From: Shaoxuan Yuan <shaoxuan.yuan02@gmail.com>
To: git@vger.kernel.org
Cc: derrickstolee@github.com, vdye@github.com,
Shaoxuan Yuan <shaoxuan.yuan02@gmail.com>
Subject: [PATCH v2 2/2] builtin/grep.c: integrate with sparse index
Date: Mon, 29 Aug 2022 16:28:43 -0700 [thread overview]
Message-ID: <20220829232843.183711-3-shaoxuan.yuan02@gmail.com> (raw)
In-Reply-To: <20220829232843.183711-1-shaoxuan.yuan02@gmail.com>
Turn on sparse index and remove ensure_full_index().
Change it to only expands the index when using --sparse.
The p2000 tests demonstrate a ~99.4% execution time reduction for
`git grep` using a sparse index.
Test Before After
-----------------------------------------------------------------------------
git grep --cached bogus (full-v3) 0.019 0.018 (-5.2%)
git grep --cached bogus (full-v4) 0.017 0.016 (-5.8%)
git grep --cached bogus (sparse-v3) 0.29 0.0015 (-99.4%)
git grep --cached bogus (sparse-v4) 0.30 0.0018 (-99.4%)
Optional reading about performance test results
-----------------------------------------------
Notice that because `git-grep` needs to parse blobs in the index, the
index reading time is minuscule comparing to the object parsing time.
And because of this, the p2000 test results cannot clearly reflect the
speedup for index reading: combining with the object parsing time,
the aggregated time difference is extremely close between HEAD~1 and
HEAD.
Hence, the results presenting here are not directly extracted from the
p2000 test results.
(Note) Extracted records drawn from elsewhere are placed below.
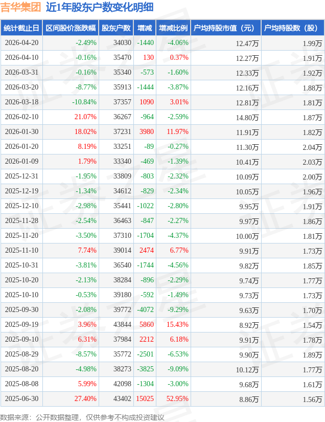 从股价来看,2026年4月10日至2026年4月20日,吉华集团区间跌幅为2.49%,在此期间股东户数减少1440.0户,减幅为4.06%。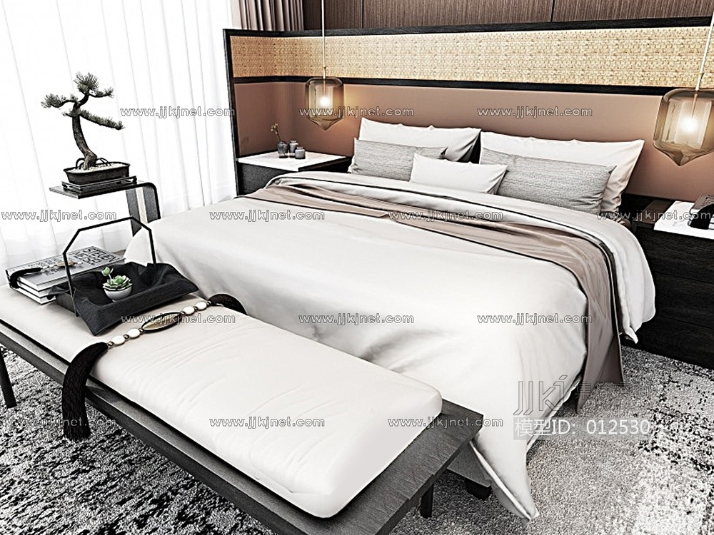 60新中式双人床卧室 3d模型下载 [模型ID:12530]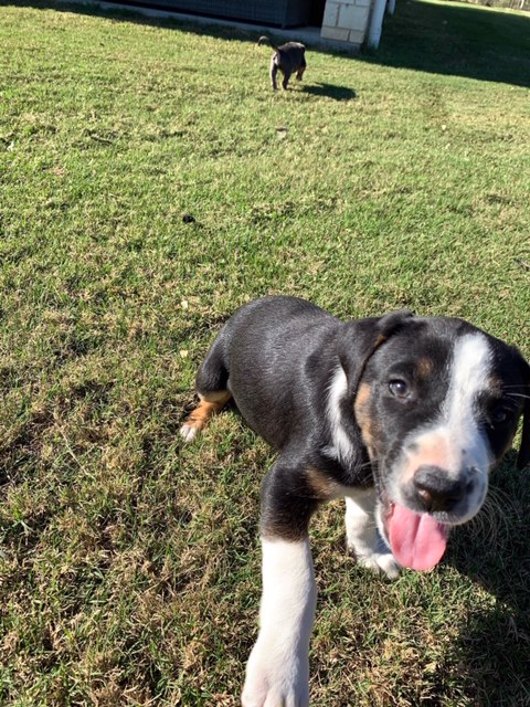 Trinity broke her leg at 12 weeks of age (unfortunately some rough play with her siblings occurred).

Instead, to make the performance difference more
visible, the test command is manually ran with GIT_TRACE2_PERF in the
four repos (full-v3, sparse-v3, full-v4, sparse-v4). The numbers here
are then extracted from the time difference between "region_enter" and
"region_leave" of label "do_read_index".
Helped-by: Derrick Stolee <derrickstolee@github.com>
Signed-off-by: Shaoxuan Yuan <shaoxuan.yuan02@gmail.com>
---
builtin/grep.c | 10 ++++++++--
t/perf/p2000-sparse-operations.sh | 1 +
t/t1092-sparse-checkout-compatibility.sh | 18 ++++++++++++++++++
3 files changed, 27 insertions(+), 2 deletions(-)
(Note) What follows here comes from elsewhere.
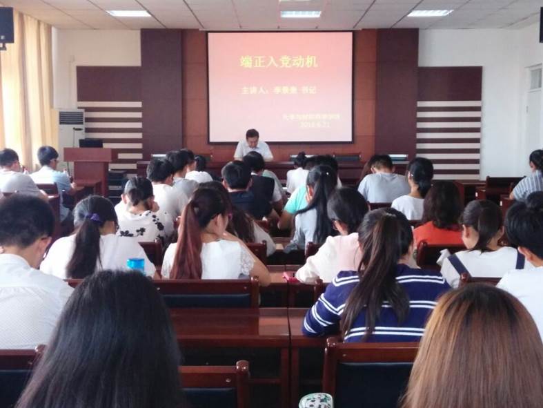 6月21日,在生化楼A307会议室,hg8868皇冠登录入口手机版党总支书记李景奎做了题为“端正入党动机”的党课,第73期发展对象培训班的学员、全体学生党员及部分入党积极分子代表认真听取了党课。

diff --git a/builtin/grep.c b/builtin/grep.c
index 12abd832fa..a0b4dbc1dc 100644
--- a/builtin/grep.c
+++ b/builtin/grep.c
@@ -522,8 +522,9 @@ static int grep_cache(struct grep_opt *opt,
if (repo_read_index(repo) < 0)
die(_("index file corrupt"));
- /* TODO: audit for interaction with sparse-index. */
- ensure_full_index(repo->index);
+ if (grep_sparse)
+ ensure_full_index(repo->index);
+
for (nr = 0; nr < repo->index->cache_nr; nr++) {
const struct cache_entry *ce = repo->index->cache[nr];
@@ -992,6 +993,11 @@ int cmd_grep(int argc, const char **argv, const char *prefix)
PARSE_OPT_KEEP_DASHDASH |
PARSE_OPT_STOP_AT_NON_OPTION);
+ if (the_repository->gitdir) {
+ prepare_repo_settings(the_repository);
+ the_repository->settings.command_requires_full_index = 0;
+ }
+
if (use_index && !startup_info->have_repository) {
int fallback = 0;
git_config_get_bool("grep.fallbacktonoindex", &fallback);
diff --git a/t/perf/p2000-sparse-operations.sh b/t/perf/p2000-sparse-operations.sh
index fce8151d41..9a466fcbbe 100755
--- a/t/perf/p2000-sparse-operations.sh
+++ b/t/perf/p2000-sparse-operations.sh
@@ -124,5 +124,6 @@ test_perf_on_all git read-tree -mu HEAD
test_perf_on_all git checkout-index -f --all
test_perf_on_all git update-index --add --remove $SPARSE_CONE/a
test_perf_on_all "git rm -f $SPARSE_CONE/a && git checkout HEAD -- $SPARSE_CONE/a"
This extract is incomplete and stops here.